(Beginning of Input material)

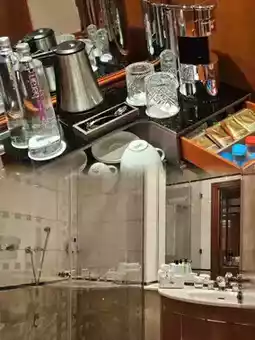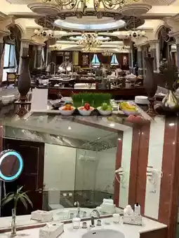 You must stay in the sea view suite!🌅 Floor-to-ceiling panoramic windows look straight out to the Red Sea sunrise🌅, with silk embroidery of the "One Thousand and One Nights" story📖 at the headboard, drifting off feels like entering an Arabian fairy tale~🛌 The bathroom is fully clad in snowflake marble with golden faucets🛀, soaking while watching yachts glide across the sea~🛥️ The living room comes with an Arabian hookah🚬, paired with saffron tea and dates, creating an atmosphere that’s simply divine!
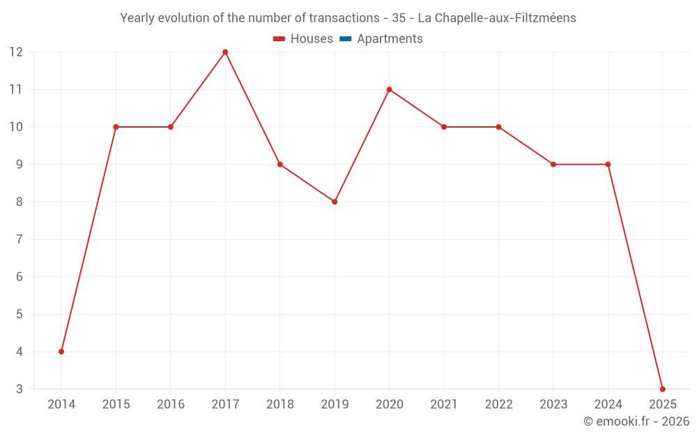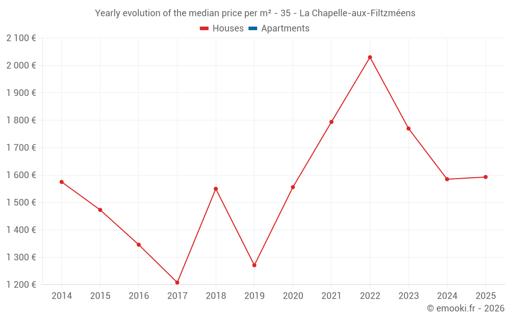 The median price on the 15 house transactions of the last 24 months in the municipality of La Chapelle-aux-Filtzméens was 1 593 € per square meter for a median property value of 175 000 €. Over this period, 60% of transactions were between 1 034 and 2 078 € per square meter (from the 2nd to the 8th deciles).
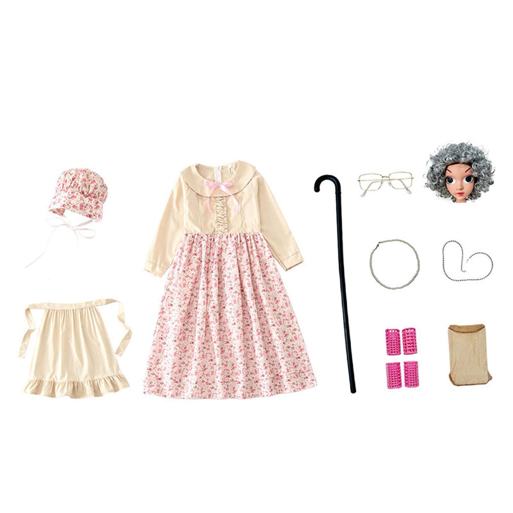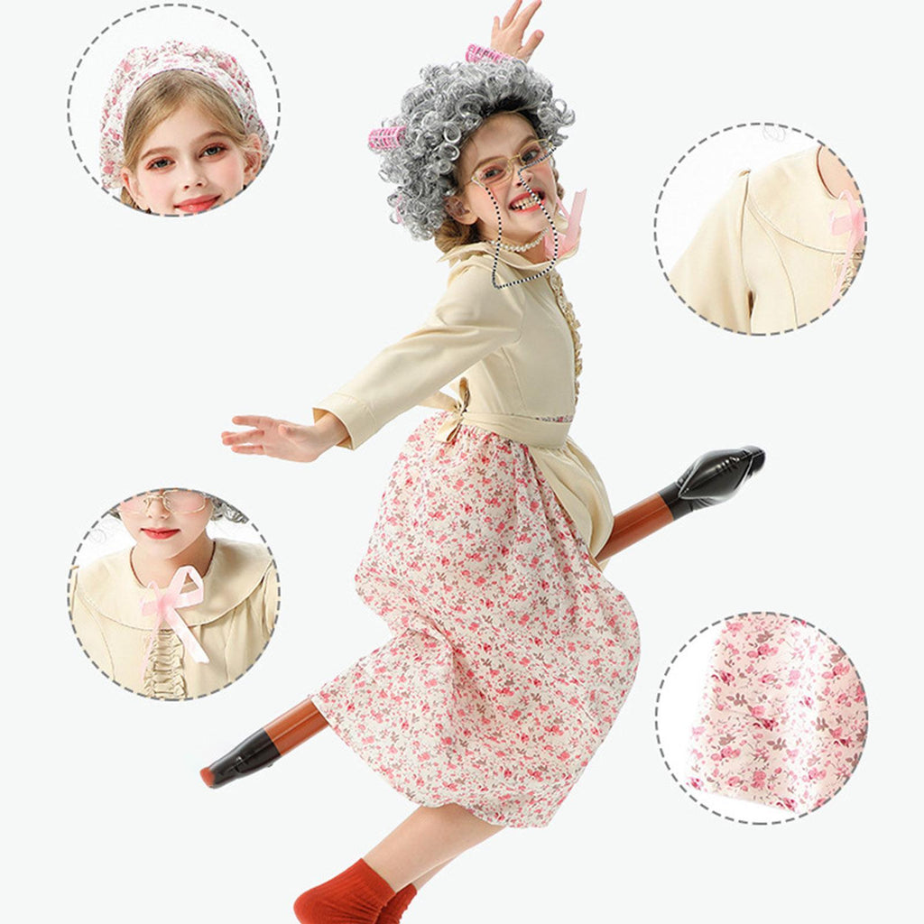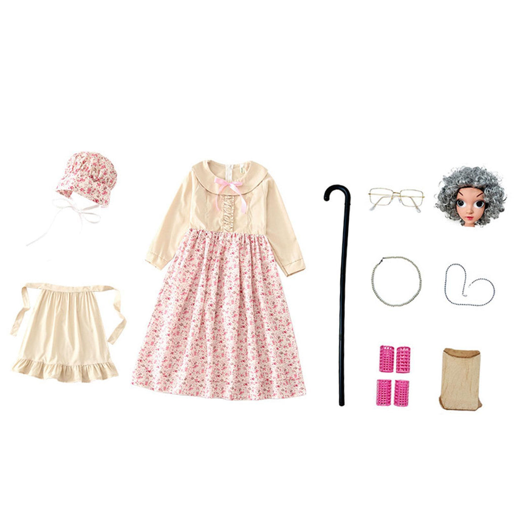 【Complete Grandma Costume for Girls】: These set features a realistic grandma wig, a 1920s dress, cardigan, apron, granny glasses, necklace, and cane. It's great for transforming into an adorable grandma during the 100th day of school celebrations or Halloween
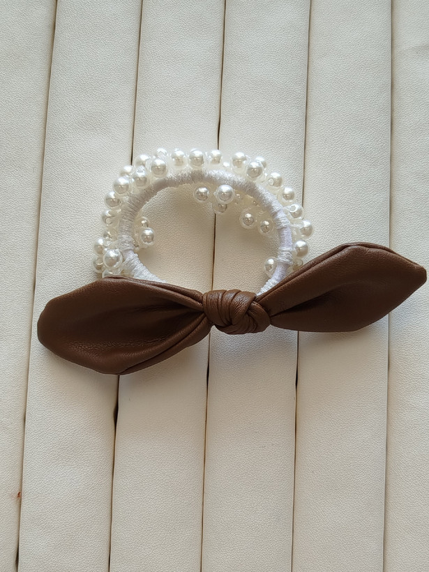 کش مو پاپیون چرمی تمام مرواریدکد 31
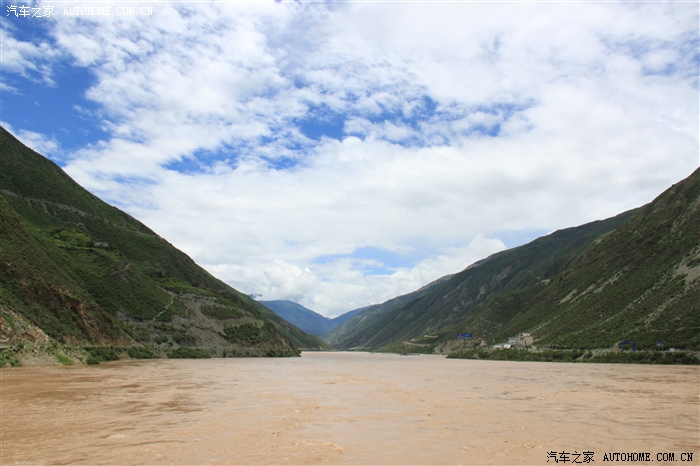 天空中纯净的蓝和即将伴随我们很久的湍急浑浊的金沙江
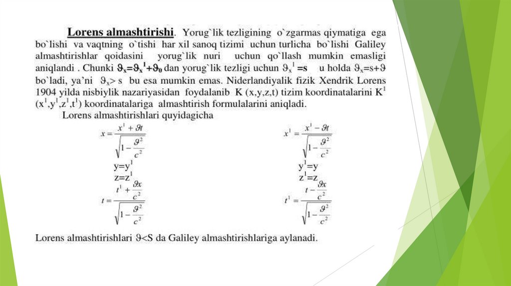 1. NISBIYLIK NAZARIYASI ELEMENTLARI
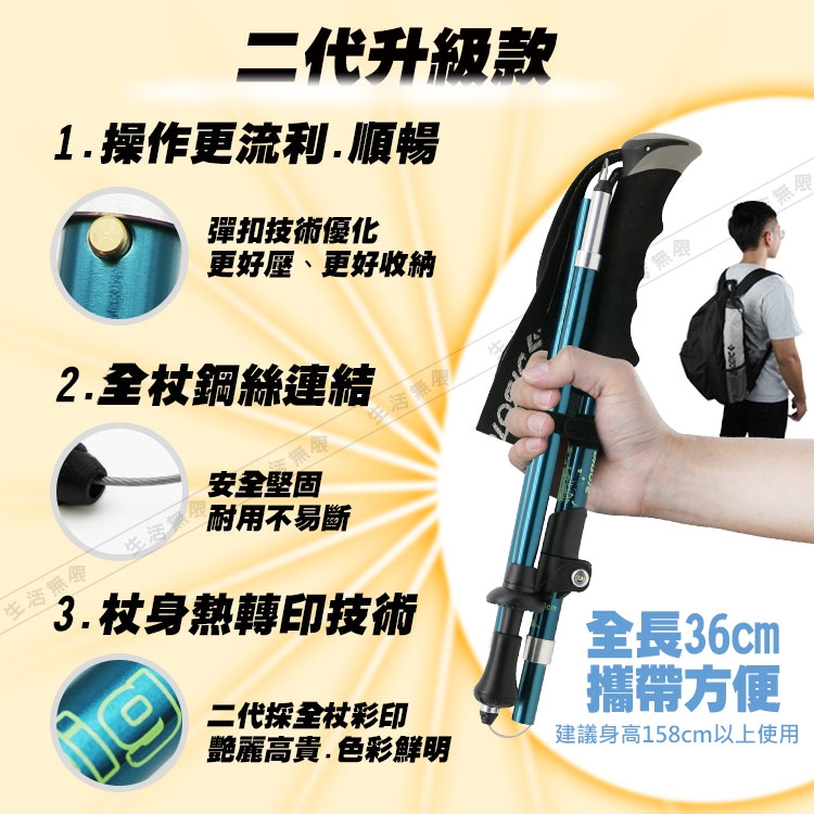 2.手杖除了做健走、徒步及登山用之外,請勿作為其他用途。
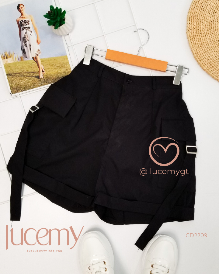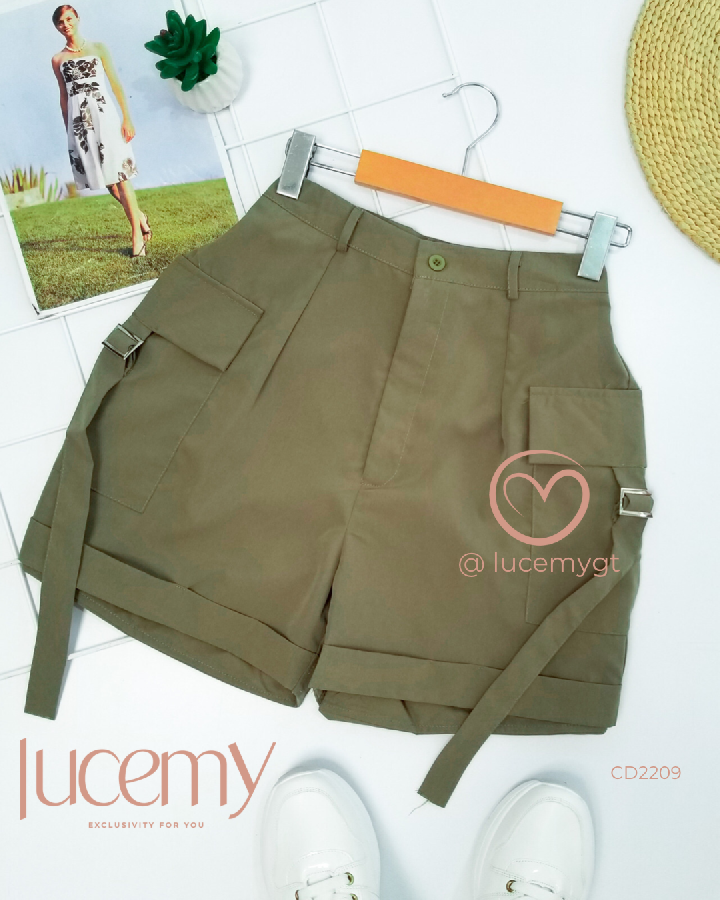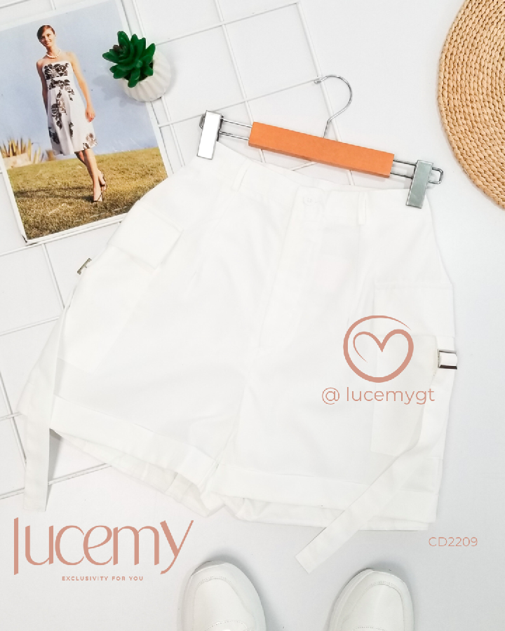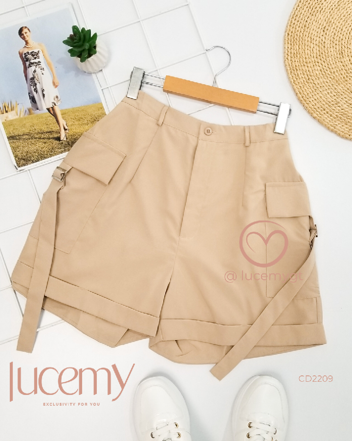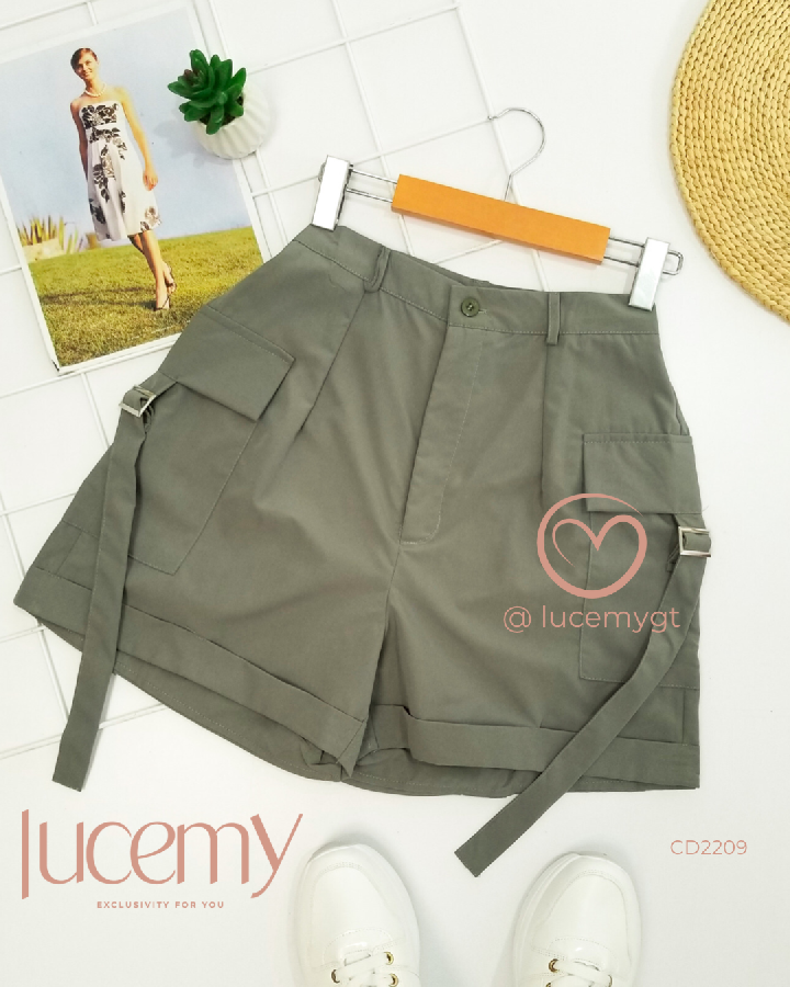Descripción: Short Casual, cintura alta, botón en la parte de enfrente y cremallera, bolsos a los lados.
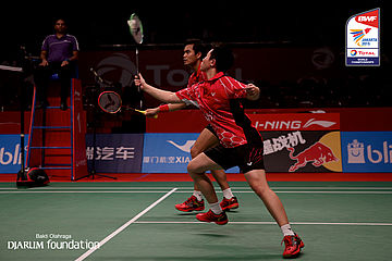 Tontowi Ahmad/Liliyana Natsir (INA) berusaha menggapai shuttlecock
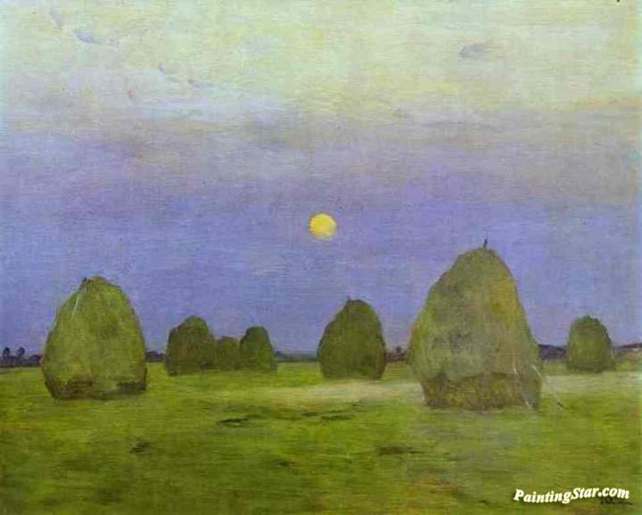 Haystacks. Twilight, Art Painting by Isaac Ilich Levitan
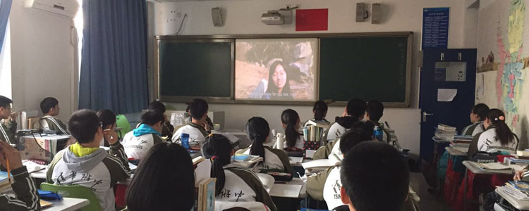 学生在教室认真欣赏微视频
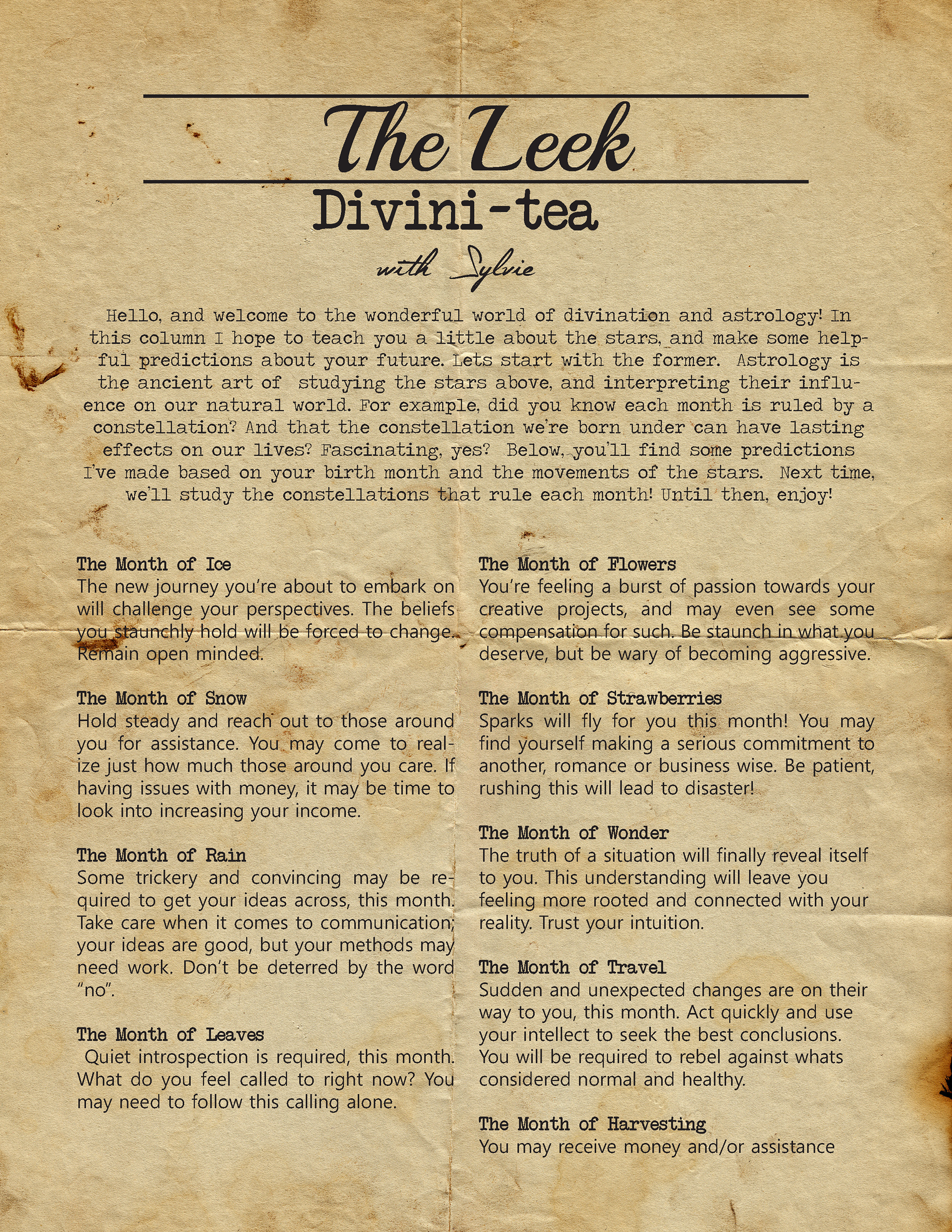 The Leek is a mock paper I do for a local Live-action Roleplay called Epoch on The Rock.

(End of Input material)

• [Work required]:
Reproduce each entry precisely; the pictures stay out.

• [Result of the exercise]:
 You must stay in the sea view suite!🌅 Floor-to-ceiling panoramic windows look straight out to the Red Sea sunrise🌅, with silk embroidery of the "One Thousand and One Nights" story📖 at the headboard, drifting off feels like entering an Arabian fairy tale~🛌 The bathroom is fully clad in snowflake marble with golden faucets🛀, soaking while watching yachts glide across the sea~🛥️ The living room comes with an Arabian hookah🚬, paired with saffron tea and dates, creating an atmosphere that’s simply divine!
 The median price on the 15 house transactions of the last 24 months in the municipality of La Chapelle-aux-Filtzméens was 1 593 € per square meter for a median property value of 175 000 €. Over this period, 60% of transactions were between 1 034 and 2 078 € per square meter (from the 2nd to the 8th deciles).
 【Complete Grandma Costume for Girls】: These set features a realistic grandma wig, a 1920s dress, cardigan, apron, granny glasses, necklace, and cane. It's great for transforming into an adorable grandma during the 100th day of school celebrations or Halloween
 کش مو پاپیون چرمی تمام مرواریدکد 31
 天空中纯净的蓝和即将伴随我们很久的湍急浑浊的金沙江
 1. NISBIYLIK NAZARIYASI ELEMENTLARI
 2.手杖除了做健走、徒步及登山用之外,請勿作為其他用途。
Descripción: Short Casual, cintura alta, botón en la parte de enfrente y cremallera, bolsos a los lados.
 Tontowi Ahmad/Liliyana Natsir (INA) berusaha menggapai shuttlecock
 Haystacks. Twilight, Art Painting by Isaac Ilich Levitan
 学生在教室认真欣赏微视频
 The Leek is a mock paper I do for a local Live-action Roleplay called Epoch on The Rock.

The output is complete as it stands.